■ Dataset section ■
==============================
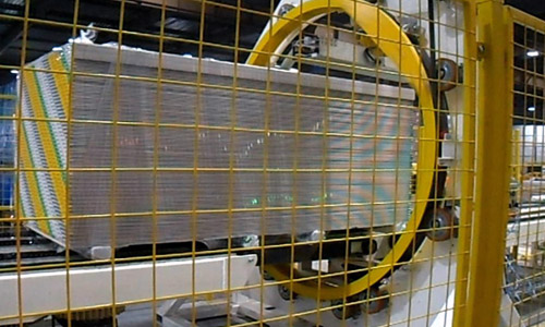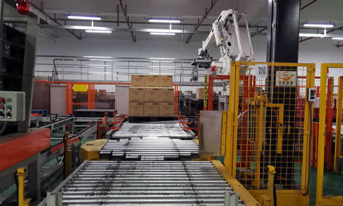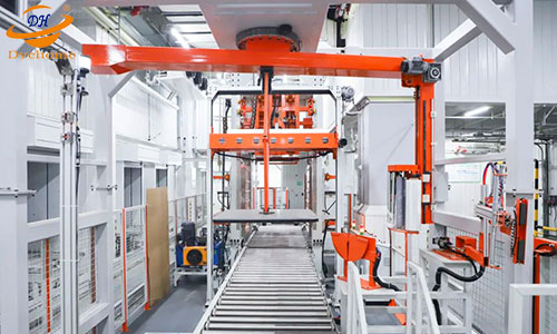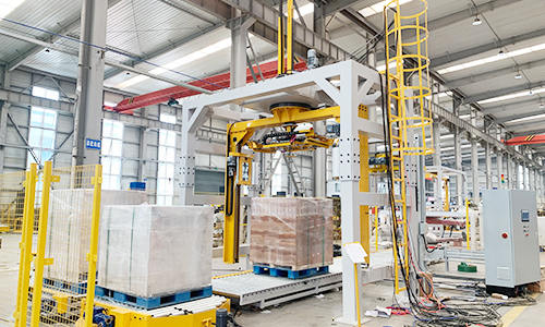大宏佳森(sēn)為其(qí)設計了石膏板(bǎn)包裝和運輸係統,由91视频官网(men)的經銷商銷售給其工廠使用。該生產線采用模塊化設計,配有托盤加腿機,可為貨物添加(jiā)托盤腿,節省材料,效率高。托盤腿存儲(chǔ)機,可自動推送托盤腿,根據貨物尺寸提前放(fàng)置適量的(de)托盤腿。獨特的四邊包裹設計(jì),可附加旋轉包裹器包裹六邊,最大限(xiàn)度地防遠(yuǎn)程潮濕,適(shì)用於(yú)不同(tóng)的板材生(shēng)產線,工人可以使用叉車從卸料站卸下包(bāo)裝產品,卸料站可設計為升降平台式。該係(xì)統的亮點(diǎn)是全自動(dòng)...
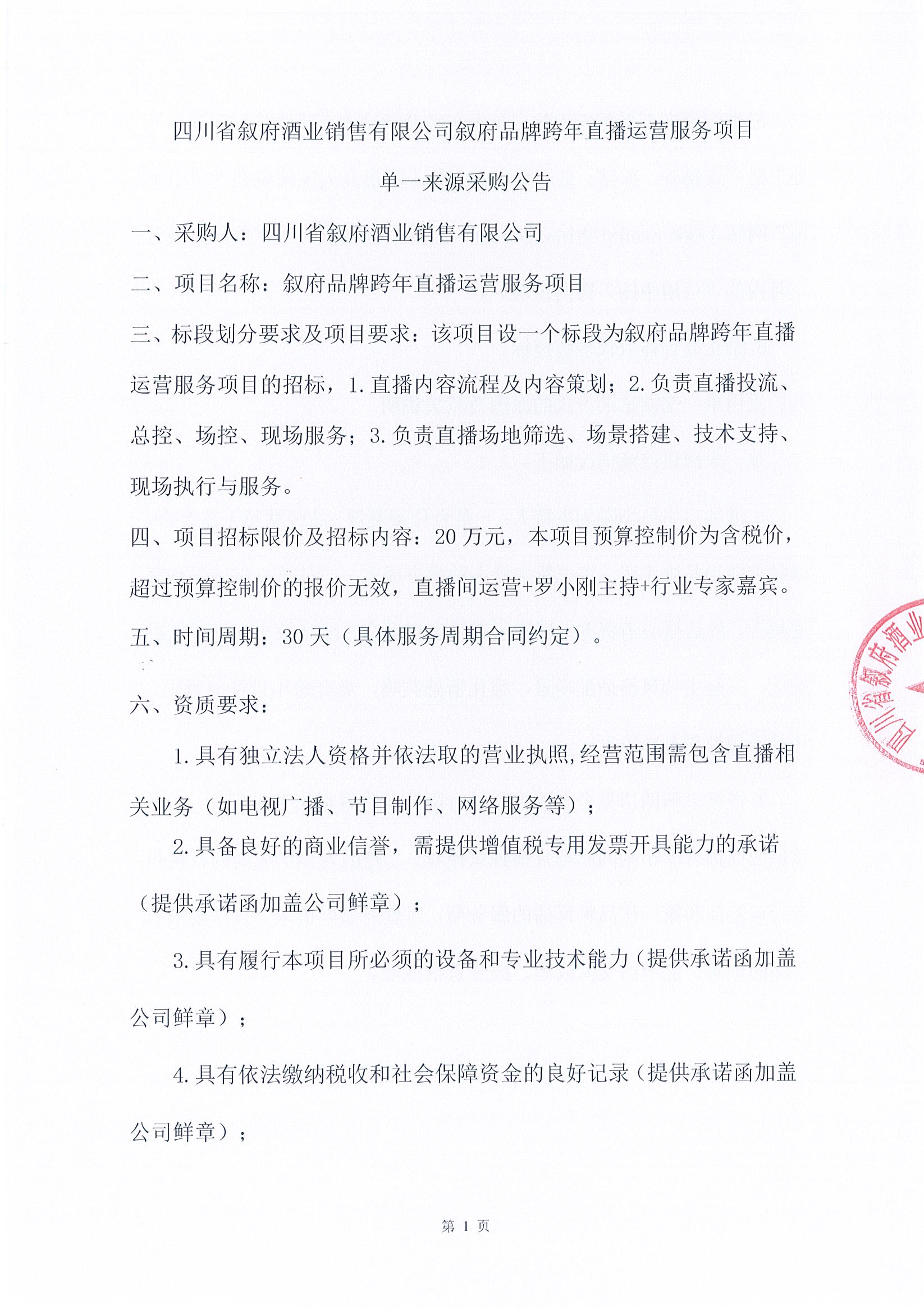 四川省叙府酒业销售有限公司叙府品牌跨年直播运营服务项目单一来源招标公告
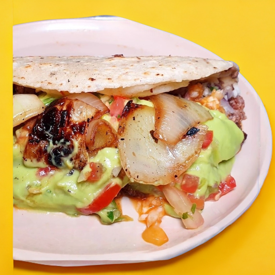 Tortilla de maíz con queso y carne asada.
==============================
■ Exercise directions ■
Go through the material above and retype every line exactly, without the images.

■ Answer ■
大宏佳森(sēn)為其(qí)設計了石膏板(bǎn)包裝和運輸係統,由91视频官网(men)的經銷商銷售給其工廠使用。該生產線采用模塊化設計,配有托盤加腿機,可為貨物添加(jiā)托盤腿,節省材料,效率高。托盤腿存儲(chǔ)機,可自動推送托盤腿,根據貨物尺寸提前放(fàng)置適量的(de)托盤腿。獨特的四邊包裹設計(jì),可附加旋轉包裹器包裹六邊,最大限(xiàn)度地防遠(yuǎn)程潮濕,適(shì)用於(yú)不同(tóng)的板材生(shēng)產線,工人可以使用叉車從卸料站卸下包(bāo)裝產品,卸料站可設計為升降平台式。該係(xì)統的亮點(diǎn)是全自動(dòng)...
 四川省叙府酒业销售有限公司叙府品牌跨年直播运营服务项目单一来源招标公告
 Tortilla de maíz con queso y carne asada.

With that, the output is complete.